■ ASSIGNMENT ■
Please print, exactly, only the lines in the entries below from the line that has "Sometimes life can" through the line that has "Selim ist etwas". Pictures don't go in.

■ MATERIAL SHOWN ■
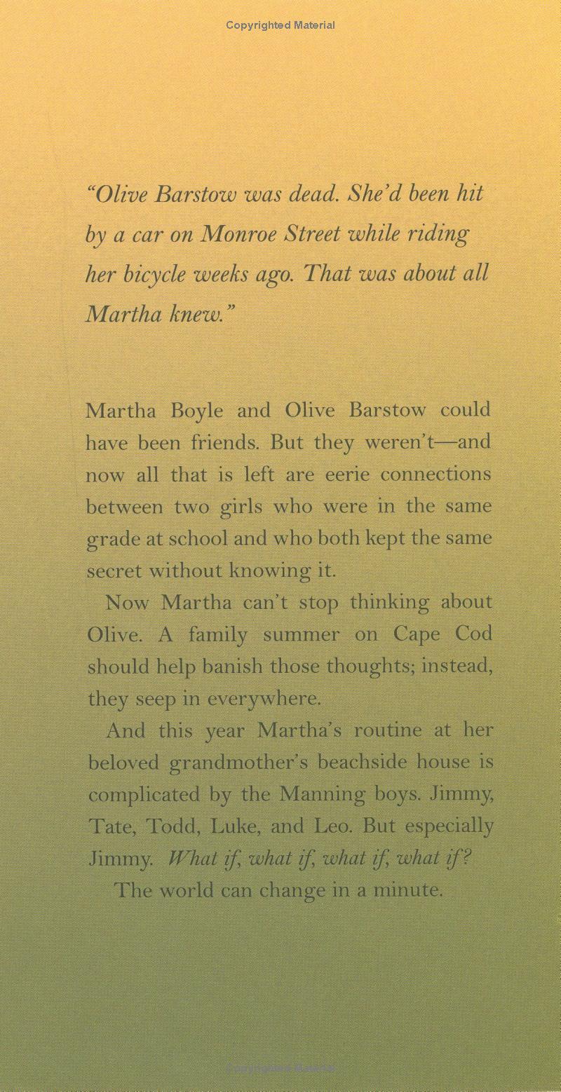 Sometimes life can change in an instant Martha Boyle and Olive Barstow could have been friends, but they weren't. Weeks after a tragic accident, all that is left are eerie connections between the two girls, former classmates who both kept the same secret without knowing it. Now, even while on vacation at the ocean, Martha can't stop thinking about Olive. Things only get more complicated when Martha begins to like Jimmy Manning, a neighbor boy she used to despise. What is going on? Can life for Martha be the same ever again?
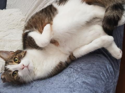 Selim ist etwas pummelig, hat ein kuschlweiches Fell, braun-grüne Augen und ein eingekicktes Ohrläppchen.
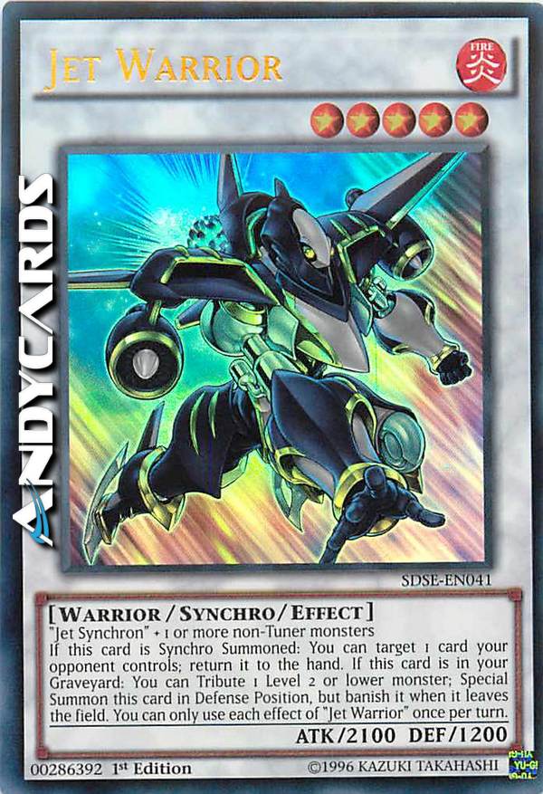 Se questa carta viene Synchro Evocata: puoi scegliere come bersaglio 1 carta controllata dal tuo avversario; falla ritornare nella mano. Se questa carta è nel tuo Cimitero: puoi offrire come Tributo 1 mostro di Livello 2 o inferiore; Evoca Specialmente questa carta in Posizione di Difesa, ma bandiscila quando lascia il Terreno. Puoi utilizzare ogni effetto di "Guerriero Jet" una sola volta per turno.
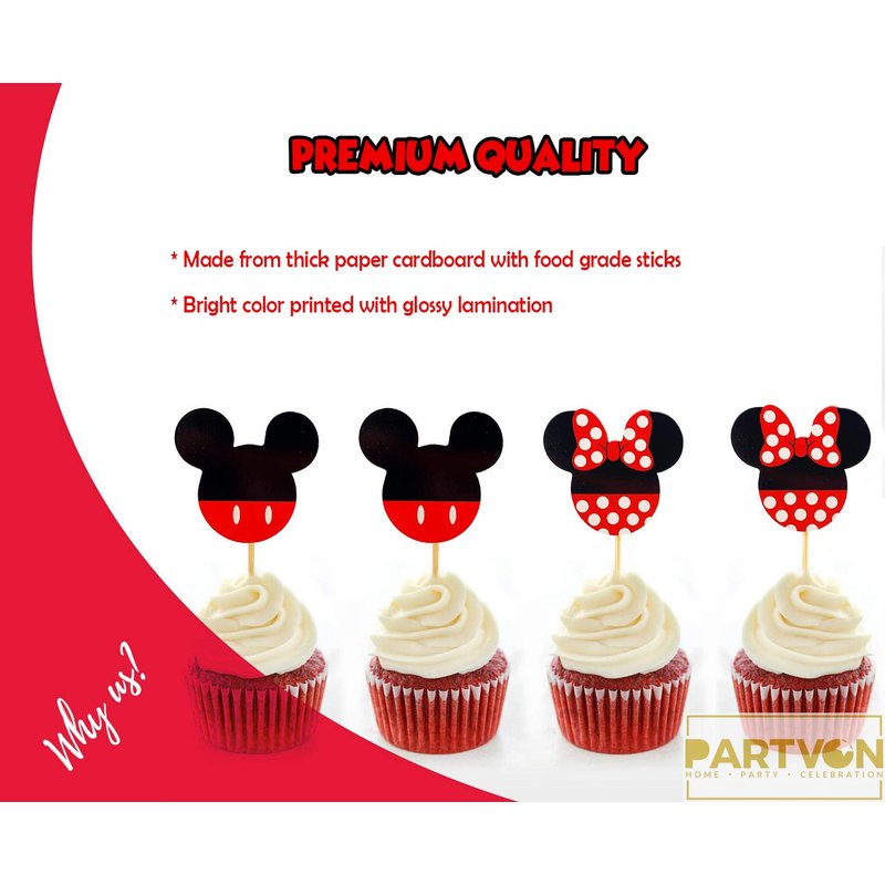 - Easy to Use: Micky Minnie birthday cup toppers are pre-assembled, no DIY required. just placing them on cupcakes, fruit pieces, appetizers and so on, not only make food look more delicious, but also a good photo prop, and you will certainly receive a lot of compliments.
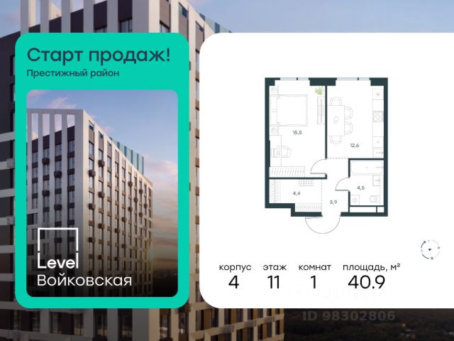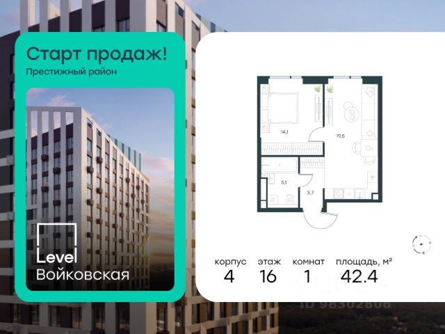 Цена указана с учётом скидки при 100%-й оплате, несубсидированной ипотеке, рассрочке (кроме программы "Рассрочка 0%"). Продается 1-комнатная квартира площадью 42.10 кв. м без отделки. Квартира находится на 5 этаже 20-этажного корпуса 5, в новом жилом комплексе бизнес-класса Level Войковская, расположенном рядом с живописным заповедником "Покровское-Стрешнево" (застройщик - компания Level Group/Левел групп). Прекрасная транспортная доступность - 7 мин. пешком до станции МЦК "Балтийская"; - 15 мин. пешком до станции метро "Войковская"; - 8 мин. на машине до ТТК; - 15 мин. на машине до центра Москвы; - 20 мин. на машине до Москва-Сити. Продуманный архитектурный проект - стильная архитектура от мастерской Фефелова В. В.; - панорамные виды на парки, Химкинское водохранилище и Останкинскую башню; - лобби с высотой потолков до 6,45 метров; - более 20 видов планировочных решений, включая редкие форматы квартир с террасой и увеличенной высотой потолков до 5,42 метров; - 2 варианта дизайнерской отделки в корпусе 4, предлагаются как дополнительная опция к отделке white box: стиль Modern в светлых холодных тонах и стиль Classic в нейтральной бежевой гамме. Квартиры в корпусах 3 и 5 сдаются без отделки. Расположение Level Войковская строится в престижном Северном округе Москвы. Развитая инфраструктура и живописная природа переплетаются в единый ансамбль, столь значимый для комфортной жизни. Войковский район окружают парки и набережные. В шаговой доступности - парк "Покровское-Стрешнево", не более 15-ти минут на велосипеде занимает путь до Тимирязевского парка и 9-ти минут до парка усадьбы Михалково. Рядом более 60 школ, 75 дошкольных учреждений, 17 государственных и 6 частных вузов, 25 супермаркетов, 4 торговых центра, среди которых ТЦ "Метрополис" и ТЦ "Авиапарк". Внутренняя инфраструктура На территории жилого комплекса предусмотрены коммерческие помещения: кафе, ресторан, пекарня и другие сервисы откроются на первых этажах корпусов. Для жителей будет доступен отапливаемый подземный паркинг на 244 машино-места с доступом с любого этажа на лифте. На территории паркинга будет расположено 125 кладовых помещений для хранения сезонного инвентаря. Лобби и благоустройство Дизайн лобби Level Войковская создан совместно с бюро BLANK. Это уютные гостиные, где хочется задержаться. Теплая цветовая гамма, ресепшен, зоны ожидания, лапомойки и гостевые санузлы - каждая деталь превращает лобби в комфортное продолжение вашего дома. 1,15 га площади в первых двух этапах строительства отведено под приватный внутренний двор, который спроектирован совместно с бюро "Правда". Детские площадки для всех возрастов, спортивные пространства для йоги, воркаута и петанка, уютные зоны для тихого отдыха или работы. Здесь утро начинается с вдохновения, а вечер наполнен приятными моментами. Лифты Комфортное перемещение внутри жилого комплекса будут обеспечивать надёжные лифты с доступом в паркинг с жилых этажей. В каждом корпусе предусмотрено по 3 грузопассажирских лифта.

==

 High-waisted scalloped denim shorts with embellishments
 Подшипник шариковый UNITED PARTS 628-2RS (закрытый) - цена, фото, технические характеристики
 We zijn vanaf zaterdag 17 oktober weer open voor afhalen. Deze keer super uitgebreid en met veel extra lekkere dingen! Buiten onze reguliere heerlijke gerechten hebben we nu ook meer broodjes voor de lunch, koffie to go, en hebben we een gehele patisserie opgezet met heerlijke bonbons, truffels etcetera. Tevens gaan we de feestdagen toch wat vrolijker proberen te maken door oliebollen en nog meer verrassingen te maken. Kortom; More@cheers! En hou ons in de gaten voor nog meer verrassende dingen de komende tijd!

■ WRITTEN SOLUTION ■
 Sometimes life can change in an instant Martha Boyle and Olive Barstow could have been friends, but they weren't. Weeks after a tragic accident, all that is left are eerie connections between the two girls, former classmates who both kept the same secret without knowing it. Now, even while on vacation at the ocean, Martha can't stop thinking about Olive. Things only get more complicated when Martha begins to like Jimmy Manning, a neighbor boy she used to despise. What is going on? Can life for Martha be the same ever again?
 Selim ist etwas pummelig, hat ein kuschlweiches Fell, braun-grüne Augen und ein eingekicktes Ohrläppchen.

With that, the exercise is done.